Philippine Supreme Court Jurisprudence > Year 1905 > February 1905 Decisions > G.R. No. 2063 February 24, 1905 - UNITED STATES v. TOMAS BIRUEDA

004 Phil 229:




PHILIPPINE SUPREME COURT DECISIONS

EN BANC

[G.R. No. 2063. February 24, 1905. ]

THE UNITED STATES, Complainant-Appellee, v. TOMAS BIRUEDA, Defendant-Appellant.

Claudio Gabriel, for Appellants.

Solicitor-General Araneta, for Appellee.

SYLLABUS


1. CRIMINAL LAW; ROBBERY; QUALIFYING CIRCUMSTANCES. — Without using force on the things or violence or intimidation on the persons, the crime of robbery can not exist, and therefore, when the evidence does not disclose the presence of any one of these circumstances, the crime committed can not be designated as robbery, but only theft, as defined by article 517 of the Penal Code.

2. ID.; ID.; FORCE. — A person who takes money from an open drawer does not use force on the things.

3. ID.; ID.; VIOLENT AND INTIMIDATION. — The fact that the owner of the money and his companions were tied at the time the money was taken, and had been so tied for some hours previously for a reason entirely foreign to the fact of the taking of the money, can not be considered as violence for the purposes of the Penal Code defining the crime of robbery.


D E C I S I O N


MAPA, J. :


The fact that the defendant and appellant, together with his other two codefendants, who did not appeal, took possession, with the intention of profiting thereby, of the amount of 250 pesos while the owner thereof was tied to the wall in his home, together with three other persons, the latter having been tied by the appellant, a corporal in the Constabulary, and his companions, a few hours prior thereto on the supposition that they had concealed and aided a band of robbers whom the Constabulary were endeavoring to capture, does not constitute the crime of robbery, but only that of theft, provided for and punished by article 517 of the Penal Code, as state by the court below in its judgment.

All the following facts have been clearly proven in the case; That the defendant, as a corporal in the Constabulary, and his companions had captured and tied, in the manner above set forth, the owner of the money taken and his companions, because the latter were suspected of aiding and concealing a band of brigands which the Constabulary were trying to capture; that the taking of the money was carried out without the use of violence toward the thing, since the money was kept in an open drawer and therefore it was not necessary to break the same; that they did not exercise intimidation or violence toward the person.
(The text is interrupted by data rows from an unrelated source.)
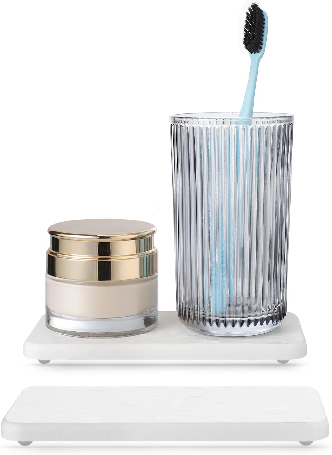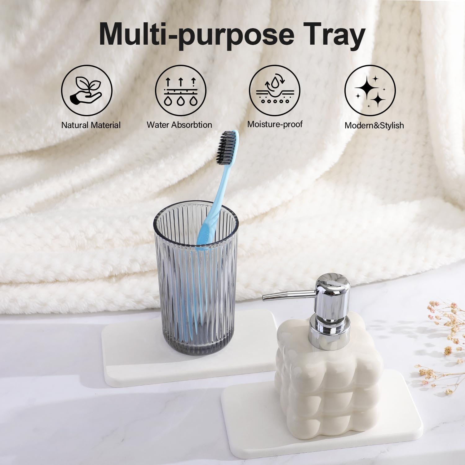 Water Absorbing Stone Tray for Sink | Quick Drying Diatomaceous Earth Coasters | Soap Dish Holder & Toothbrush Holder for Bathroom Counter | Hand Soap & Plant & Toiletries | White 2 Pack
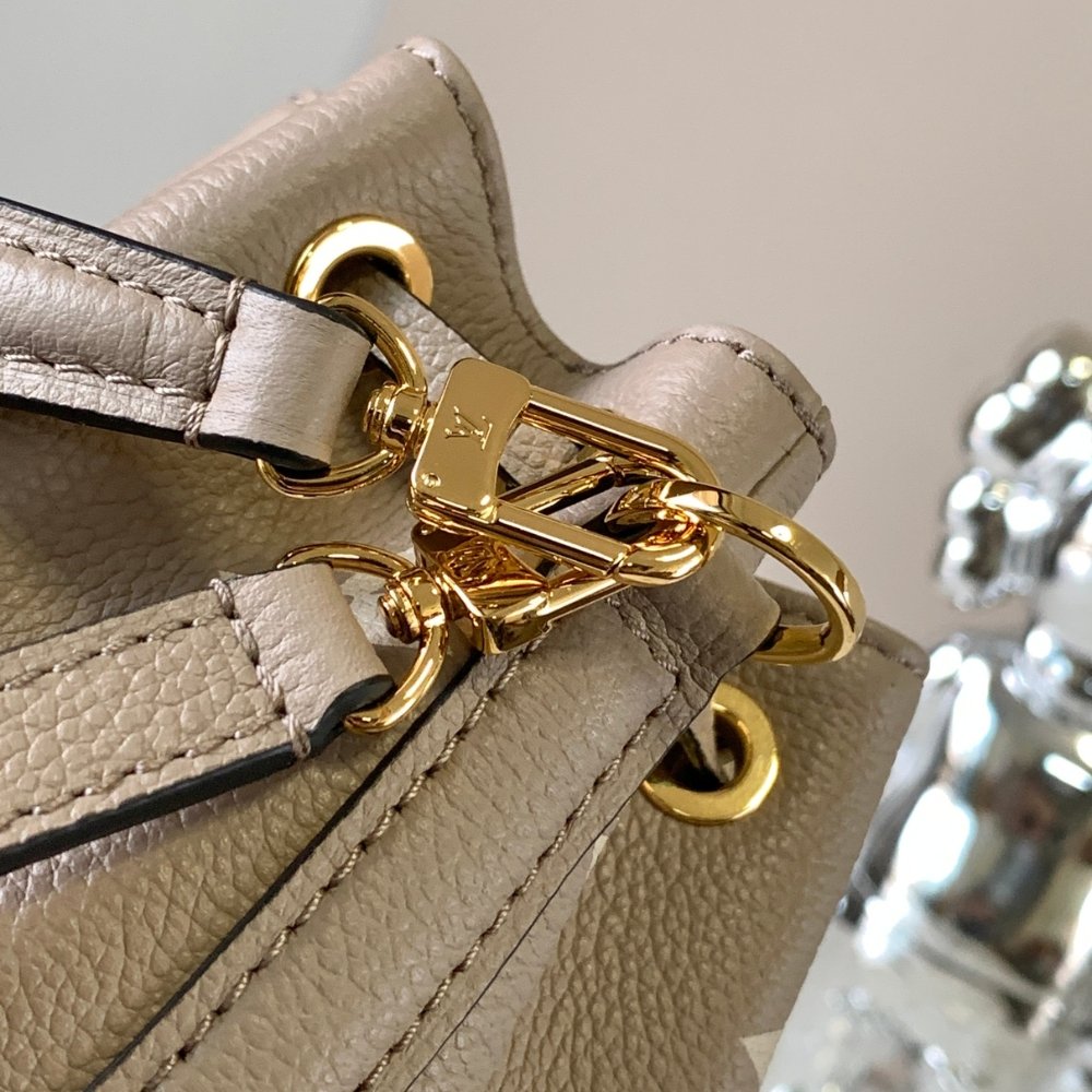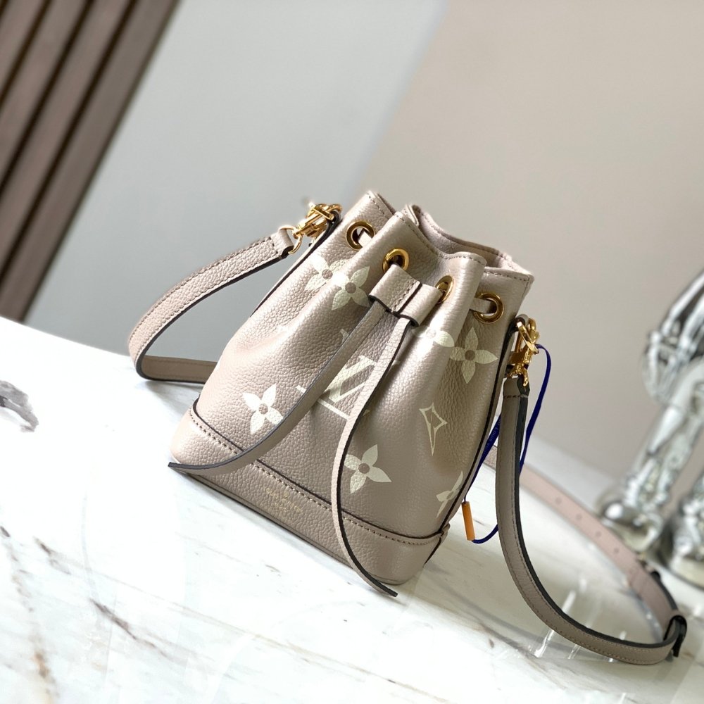 This bicolor version of the Nano Noé is crafted from supple Monogram Empreinte leather, embossed with the Monogram pattern. This miniature replica of the iconic Noé bag is a stylish way to carry everyday essentials.
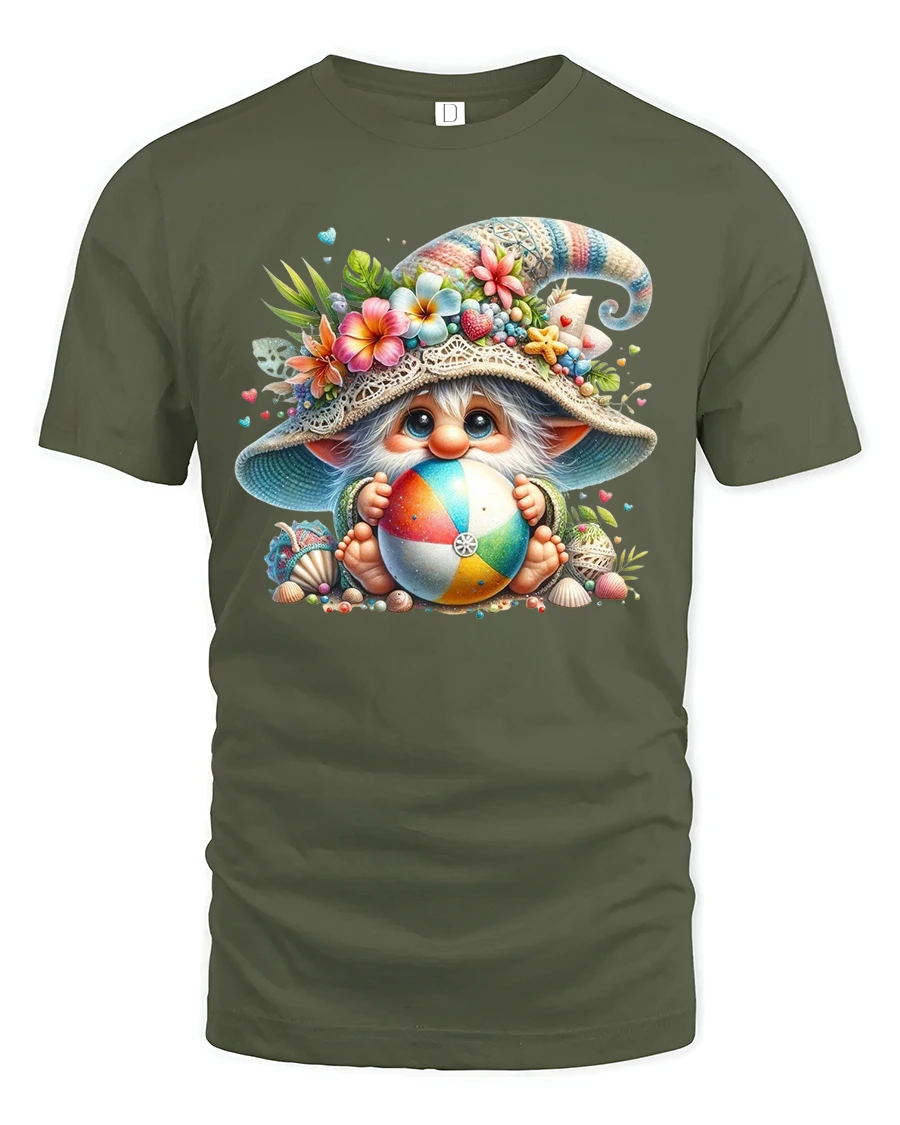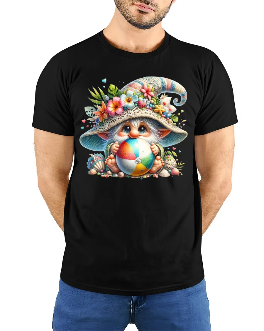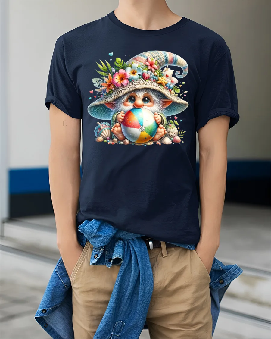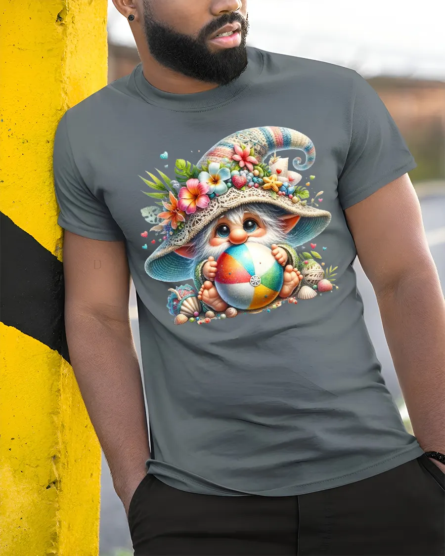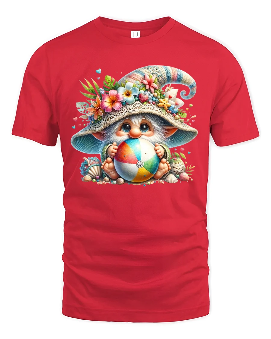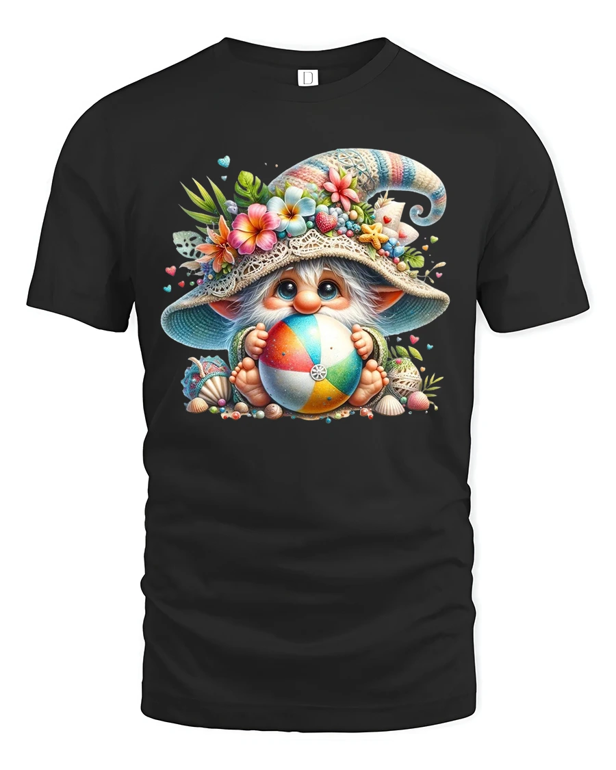 Cute Beach Gnome Holding Colorful Ball Summer Graphic Tee Tshirt brings joyful summer energy and whimsical charm into a bright and playful design.
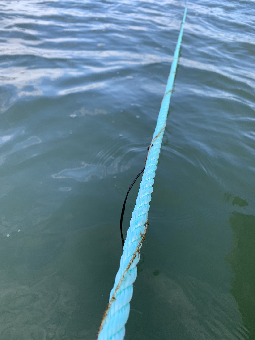 For connections to your growline buoys, we suggest sizing your buoy lines so that they’re around 4-8 feet in length. The goal of the growline buoys is to keep the kelp lines suspended at the optimal level for growth by being near enough to the surface to absorb the energy of the sun, but far enough below the waterline to absorb maximum nutrients. It’s important to note that during rough weather, your buoy lines can swing around and strip the kelp off your lines. They can also snag and become tangled with floating debris. Throughout the season you may want to adjust the length of your buoy lines depending on the type of growth you’re seeing on your lines and other issues that may arise.

The fact that the owner of the money and his companions were tied at the time can not be considered as violence, because they had been tied for some hours previously for a reason entirely foreign to the fact of the taking of the money. The idea of taking the money grew, evidently, in the minds of the appellant and his codefendants after the former were captured, as appears from all the evidence adduced in the case.

The penalty of two years of presidio correccional imposed by the court below is in accordance with the law. The money taken exceeds the amount of 250 pesetas and is less than 1,250 pesetas and the crime was accompanied by the aggravating circumstances provided for in paragraphs 11 and 20 of article 10 of the Penal Code (par. 3, art. 518, of the code).

As regards the other fact alleged in the complaint, that appellant did, on the day following the commission of the theft, ask from the owner of the money taken the sum of 50 pesos in order to prevent being taken bound to the cuartel of the Constabulary where appellant was detailed, the prosecution should charge same in a separate complaint. This fact constitutes another crime, different from that of the theft of 250 pesos. The commission of the latter crime was already consummated when the 50 pesos were asked by the defendant from the owner of the money. The crime of theft is included, necessarily, in that of robbery and, therefore, the appellant can be sentenced for the former, notwithstanding having been charged with the latter, under the provisions of section 29 of General Orders, No. 58. We therefore affirm the judgment below in all respects, with the costs in this instance against the Appellant. So ordered.

Arellano, C.J., Torres, Johnson and Carson, JJ., concur.